The Middle of the Road: A Novel
Part 25
Yet never once in any company did any German, man or woman, acknowledge the guilt of Germany in having started the war. Russia had “moved first.” England had hemmed in Germany. The German people had been ringed round by enemies. And in spite of all those enemies, the German armies had never been defeated. It was the home front that had broken down, by sheer starvation.
Never defeated! Bertram challenged that belief, with some violence, at one of Dorothy’s afternoon “at homes.”
Among the ladies were several ex-officers, two Generals of Rupprecht’s Army, so long opposite the British, in Flanders.
It was General von Althof who made the statement, with simple sincerity.
“_Gott sei dank!_ Our brave Armies were never defeated, from first to last.”
“That surprises me,” said Bertram, with an ironical smile; “I always thought the German Armies were broken to bits. First on the Marne, in July ’18. Afterwards like brown paper on August 8th. They could never hold a line again. When the end came they’d lost hundreds of thousands of prisoners, thousands of guns, and the whole war-machine was destroyed. Otherwise there was no need to sign the Armistice, the greatest surrender of any nation in the history of the world, surely?”
It was not a courteous way of speech; not kind. But Bertram was becoming rather tired of this calm forgetfulness of what had happened in history, and he disliked the type represented by General von Althof, one of those hard, bald-headed Prussians, with a mind as narrow as a Brazil nut.
Von Althof became red about the gills, and then very pale.
“Doubtless, as a young regimental officer, you regard local successes as great victories. That is a common error, not difficult to understand. As a General of the German High Command, I repeat, sir, that our glorious Armies were never defeated in the field of battle. The Armistice was forced upon us by revolution at home, and the broken _morale_ of a hungry people.”

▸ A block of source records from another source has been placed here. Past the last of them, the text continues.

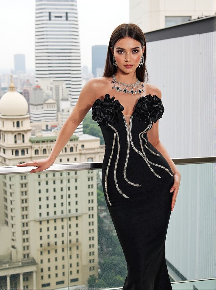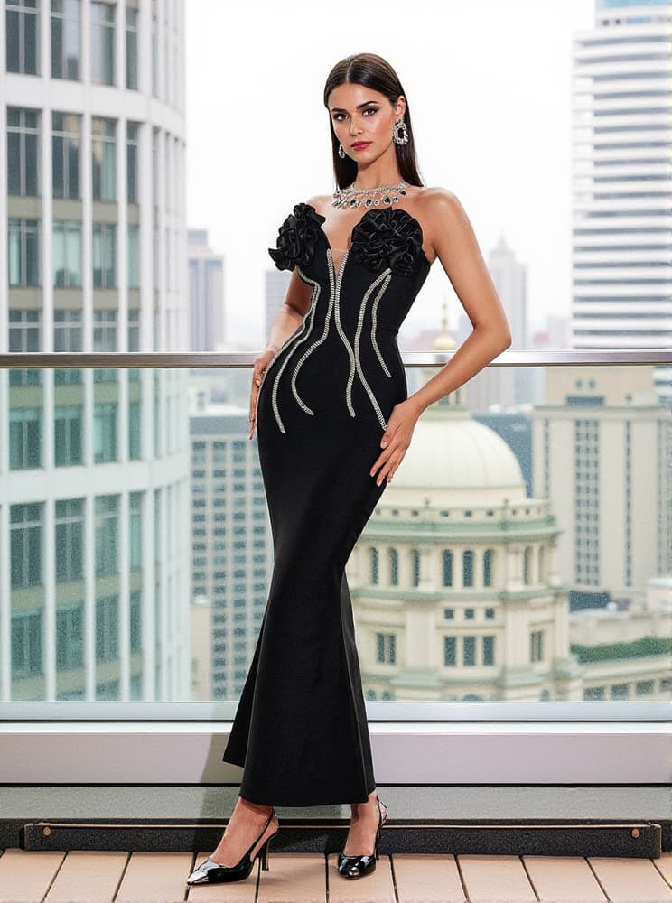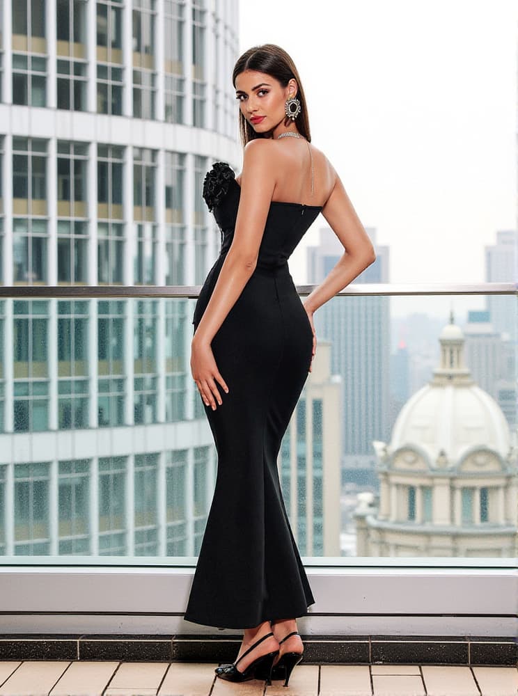 Musa Strapless Crystal Flower Bandage Dress In Black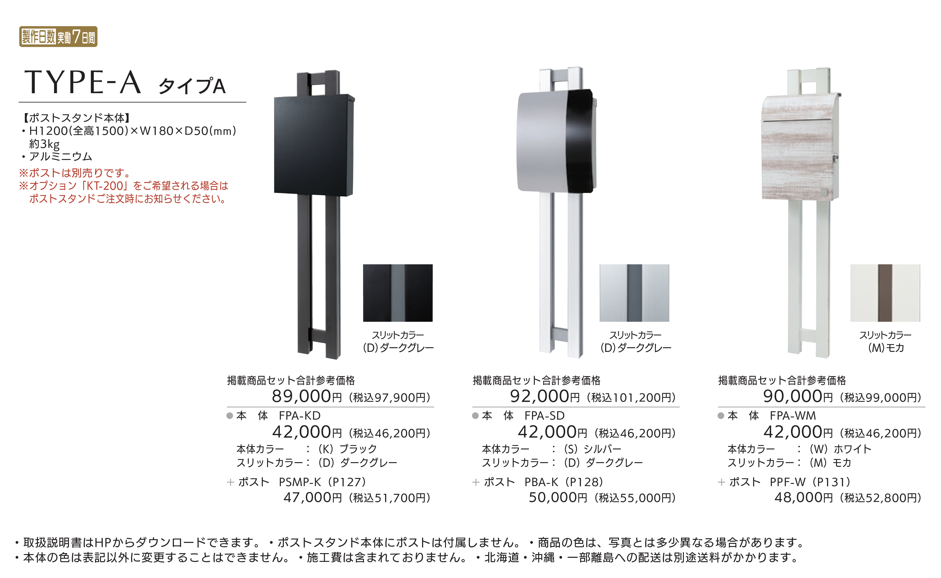 ※ポストスタンド本体にポストは付属しません。 ※商品の色は、写真とは多少異なる場合がございます。 ※本体の色は表記以外に変更することはできません。 ※施工費は含まれておりません。 ※北海道・沖縄・一部離島への配送は別途送料がかかります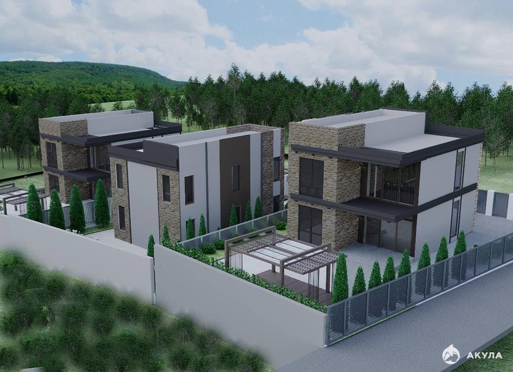 Коттедж имеет 2 этажа свободной планировки 170 м2 общей площади + эксплуатируемую крышу 70 м2. Общая площадь по выписке 240 м2. На каждый дом 4 сотки земли. ИЖС, земля в собственности. Номер объекта: #5/600718/11901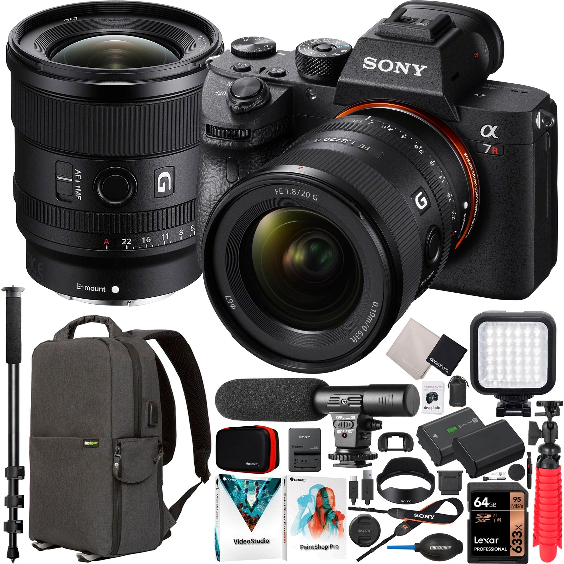 Sony a7R IV Mirrorless Full Frame Camera Body + 20mm F1.8 G Lens SEL20F18G Kit Bundle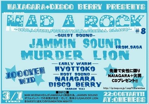 NAIAGARA&DISCO BERRY PRESENTS.. MAD A ROCK#8 OLDES NIGHT!! 〜SOUL,LOVERS,FOUNDATION,DANCEHALL CLASSIC!!〜 3月1日(木) 22:00 START!! @ONENESS DAY.1000YEN/W1D ※先着10名様位の女性のみ1000YEN/W1D/W2CD −GUEST SOUND− ★JAMMIN SOUND from 佐賀 ★MURDER LION −EARLY WARM− ☆火男 −HOST SOUND− ☆NAIAGARA ☆DISCO BERRY a.k.a HAREM TEE COMING SOON! MAIN MCのNAVIさんがJAMAICAより帰国の為、JAMMIN SOUNDがフルメンバ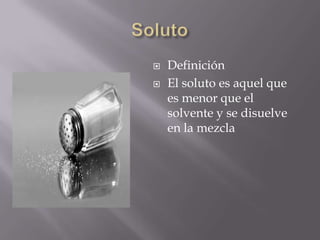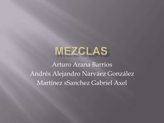 Este documento proporciona información sobre diferentes tipos de mezclas y métodos de separación de mezclas. Define mezclas homogéneas y heterogéneas, y describe brevemente métodos de separación como la sedimentación, filtración, evaporación, destilación y cristalización.

“There can be no argument about it,” said one of the younger officers. “It is an accepted fact.”
Bertram made a considerable argument about it, until checked by Dorothy, who was visibly distressed.
General von Althof departed with suppressed rage, after a stiff bow to Bertram, and the other officers took their leave later, so that only a few ladies remained.
One of them was the Fräulein von Wegener, a pretty blonde, who seemed to be Dorothy’s greatest friend.
She crossed over to Bertram, sitting by his side, and her eyes were alight with amusement.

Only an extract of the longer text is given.